A Dra. Luciana Mancini Bari complementou lembrando que o ambiente de trabalho é central na vida das pessoas. O excesso de pressão, cobranças e metas desumanizadas frequentemente desencadeia burnout, depressão e até tentativas de suicídio.
“A gente passa tantas horas no trabalho que não sobra tempo para se curar fora dele. Então, a cura e a prevenção precisam começar no próprio ambiente de trabalho.”
Estigma, silêncio e consequências
Um dos grandes desafios ainda é o estigma dentro das organizações. Muitos colaboradores deixam de expressar seu sofrimento por medo de serem vistos como fracos ou incapazes. Esse silêncio, abre espaço para estratégias de alívio nocivas:
“Quando as pessoas não encontram apoio no trabalho, buscam aliviar o estresse no álcool, nas drogas, em medicamentos sem controle ou até em jogos, o que pode evoluir para dependência química e comportamental. Depois da pandemia, observamos um aumento expressivo desses casos, reforça Dra. Luciana Mancini Bari.”
Ferramentas práticas para líderes
Para transformar a cultura organizacional, as especialistas destacaram estratégias essenciais:
- Autoconhecimento e inteligência emocional: líderes precisam desenvolver flexibilidade psicológica e autocontrole antes de gerir grandes equipes.
- Comunicação não violenta (CNV): padronizar a forma de dar feedbacks, de modo firme e respeitoso, sem humilhações ou agressividade.
- Cultura de feedback contínuo: clareza sobre objetivos e reconhecimento constante aumentam engajamento e pertencimento.
- Valorização humana: colaboradores precisam se sentir vistos, respeitados e reconhecidos como indivíduos, não apenas como números de performance.
“As pessoas entregam muito mais quando se sentem seguras e respeitadas.” — destacou a Dra.

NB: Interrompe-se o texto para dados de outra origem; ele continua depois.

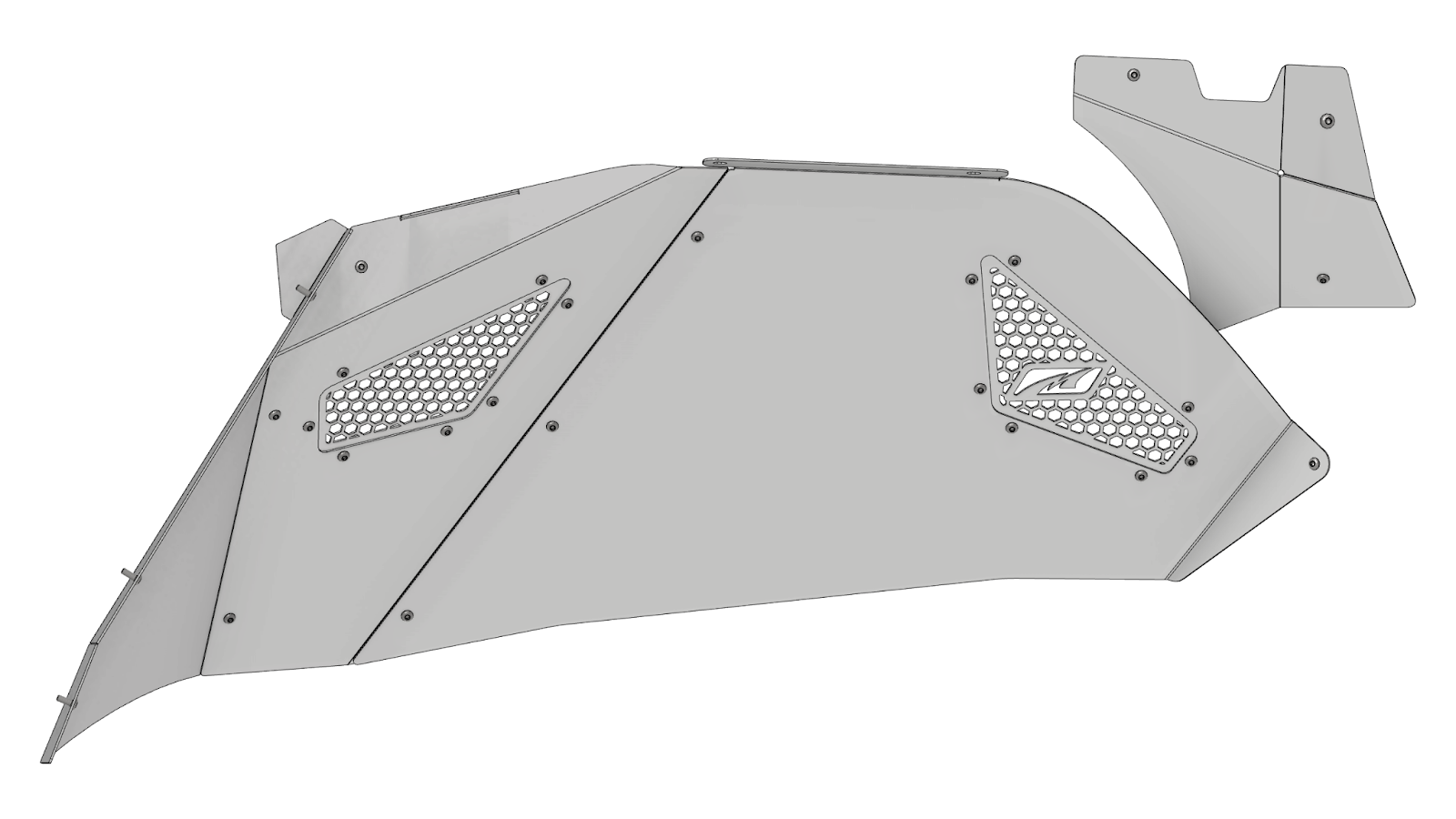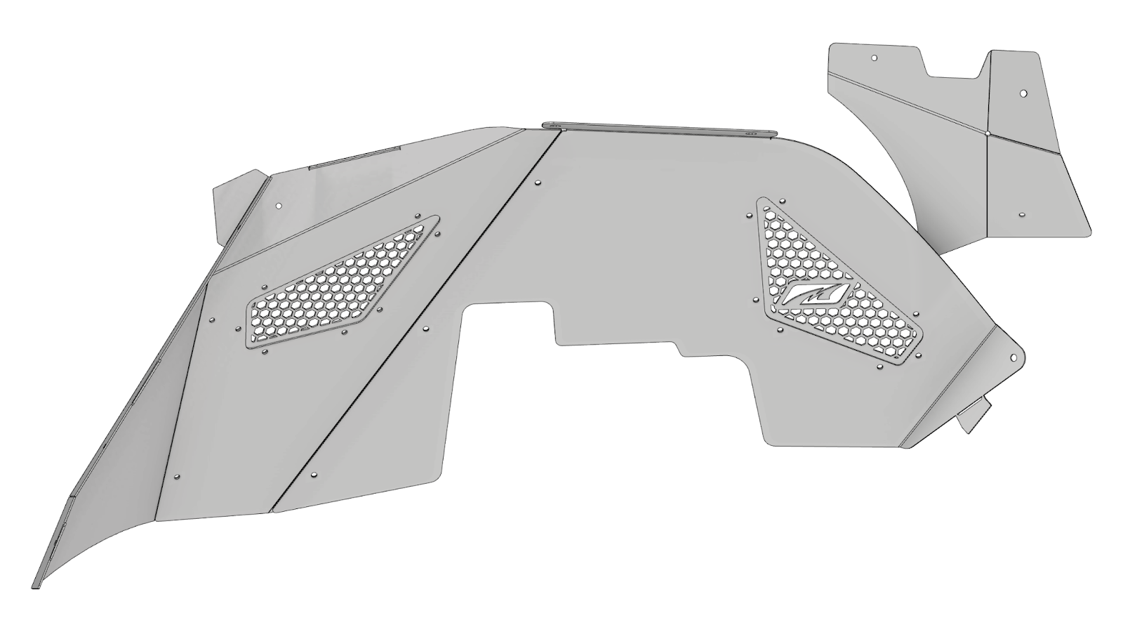 Precision-cut from lightweight aluminum, each inner fender is formed for proper fitment and maximum tire size. The MB1274 Standard Version includes all necessary cutouts and formed details for a direct, bolt-in installation. For builders running long-arm kits, coilovers, aftermarket shock towers, or other custom suspension configurations, the MB1274-B Blank Variant leaves out the pre-cut openings—allowing you to shape and trim them to your exact setup.

Simone.
O futuro do trabalho: cuidar das pessoas para cuidar dos negócios
O ponto final da conversa foi a visão de futuro. Para as especialistas, o trabalho do amanhã será construído sobre uma base de cuidado e saúde mental.

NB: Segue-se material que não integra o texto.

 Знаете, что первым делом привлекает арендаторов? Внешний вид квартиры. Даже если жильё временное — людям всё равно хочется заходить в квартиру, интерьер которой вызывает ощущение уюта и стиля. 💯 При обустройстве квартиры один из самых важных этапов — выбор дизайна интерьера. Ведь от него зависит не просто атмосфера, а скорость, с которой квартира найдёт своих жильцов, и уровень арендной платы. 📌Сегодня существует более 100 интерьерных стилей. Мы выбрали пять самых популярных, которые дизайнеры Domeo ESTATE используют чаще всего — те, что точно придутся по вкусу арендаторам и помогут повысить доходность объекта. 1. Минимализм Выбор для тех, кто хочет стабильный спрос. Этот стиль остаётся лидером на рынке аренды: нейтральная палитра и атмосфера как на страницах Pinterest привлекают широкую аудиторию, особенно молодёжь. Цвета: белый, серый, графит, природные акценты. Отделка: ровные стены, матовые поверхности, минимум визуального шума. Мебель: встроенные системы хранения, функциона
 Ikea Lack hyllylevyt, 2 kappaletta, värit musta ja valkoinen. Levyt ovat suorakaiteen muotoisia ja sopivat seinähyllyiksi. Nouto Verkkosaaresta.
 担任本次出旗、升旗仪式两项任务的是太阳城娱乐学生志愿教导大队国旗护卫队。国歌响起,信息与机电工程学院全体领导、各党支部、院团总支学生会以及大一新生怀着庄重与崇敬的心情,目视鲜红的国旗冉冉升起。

“O futuro do trabalho passa por saúde mental, melhores relacionamentos, conexão social adequada e produtividade sustentável. É possível, sim, ter resultados e, ao mesmo tempo, uma relação saudável com o trabalho. Ninguém gosta de sofrer, todos querem viver bem. E quando mostramos caminhos, as pessoas aderem.” — concluiu a Dra. Simone Nascimento.
📌 O debate deixou claro: investir em saúde emocional e em liderança acolhedora não é apenas uma tendência, mas uma necessidade urgente para empresas que desejam prosperar de forma sustentável.